[[ Exercise data, beginning ]]
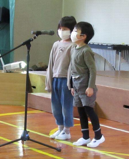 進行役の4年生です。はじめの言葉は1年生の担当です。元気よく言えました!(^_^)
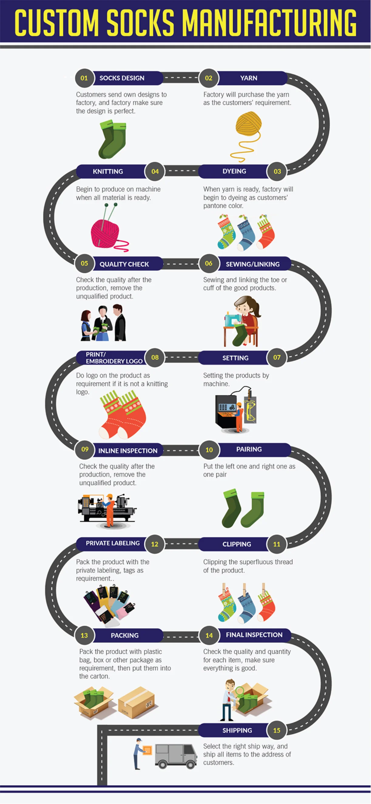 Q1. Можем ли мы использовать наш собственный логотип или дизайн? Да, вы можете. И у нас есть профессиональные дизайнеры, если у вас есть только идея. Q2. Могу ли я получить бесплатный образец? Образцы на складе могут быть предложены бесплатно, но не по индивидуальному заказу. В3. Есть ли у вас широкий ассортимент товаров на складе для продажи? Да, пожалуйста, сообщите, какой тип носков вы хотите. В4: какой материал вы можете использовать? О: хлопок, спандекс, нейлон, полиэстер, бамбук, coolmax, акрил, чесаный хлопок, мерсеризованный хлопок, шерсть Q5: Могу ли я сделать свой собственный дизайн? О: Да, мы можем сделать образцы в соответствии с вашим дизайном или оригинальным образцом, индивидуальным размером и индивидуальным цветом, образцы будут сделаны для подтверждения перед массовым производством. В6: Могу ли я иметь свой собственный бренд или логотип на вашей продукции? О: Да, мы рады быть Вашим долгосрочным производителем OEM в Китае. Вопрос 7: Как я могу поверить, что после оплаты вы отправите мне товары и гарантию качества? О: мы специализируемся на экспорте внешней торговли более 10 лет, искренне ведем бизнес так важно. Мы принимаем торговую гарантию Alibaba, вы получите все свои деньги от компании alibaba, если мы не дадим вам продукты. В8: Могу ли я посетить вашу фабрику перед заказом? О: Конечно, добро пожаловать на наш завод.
[[ Exercise data, end ]]
[[ Exercise data, beginning ]]
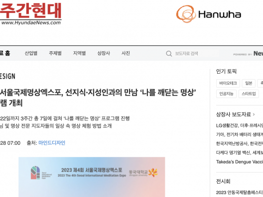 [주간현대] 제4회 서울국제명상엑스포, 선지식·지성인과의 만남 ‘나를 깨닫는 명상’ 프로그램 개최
[[ Exercise data, end ]]
Task directions >>
Set the pictures aside and retype exactly the lines above from the line with "進行役の4年生です。はじめの" to the line with "Q1. Можем ли", both included, adding no others.

Expected answer >>
 進行役の4年生です。はじめの言葉は1年生の担当です。元気よく言えました!(^_^)
 Q1. Можем ли мы использовать наш собственный логотип или дизайн? Да, вы можете. И у нас есть профессиональные дизайнеры, если у вас есть только идея. Q2. Могу ли я получить бесплатный образец? Образцы на складе могут быть предложены бесплатно, но не по индивидуальному заказу. В3. Есть ли у вас широкий ассортимент товаров на складе для продажи? Да, пожалуйста, сообщите, какой тип носков вы хотите. В4: какой материал вы можете использовать? О: хлопок, спандекс, нейлон, полиэстер, бамбук, coolmax, акрил, чесаный хлопок, мерсеризованный хлопок, шерсть Q5: Могу ли я сделать свой собственный дизайн? О: Да, мы можем сделать образцы в соответствии с вашим дизайном или оригинальным образцом, индивидуальным размером и индивидуальным цветом, образцы будут сделаны для подтверждения перед массовым производством. В6: Могу ли я иметь свой собственный бренд или логотип на вашей продукции? О: Да, мы рады быть Вашим долгосрочным производителем OEM в Китае. Вопрос 7: Как я могу поверить, что после оплаты вы отправите мне товары и гарантию качества? О: мы специализируемся на экспорте внешней торговли более 10 лет, искренне ведем бизнес так важно. Мы принимаем торговую гарантию Alibaba, вы получите все свои деньги от компании alibaba, если мы не дадим вам продукты. В8: Могу ли я посетить вашу фабрику перед заказом? О: Конечно, добро пожаловать на наш завод.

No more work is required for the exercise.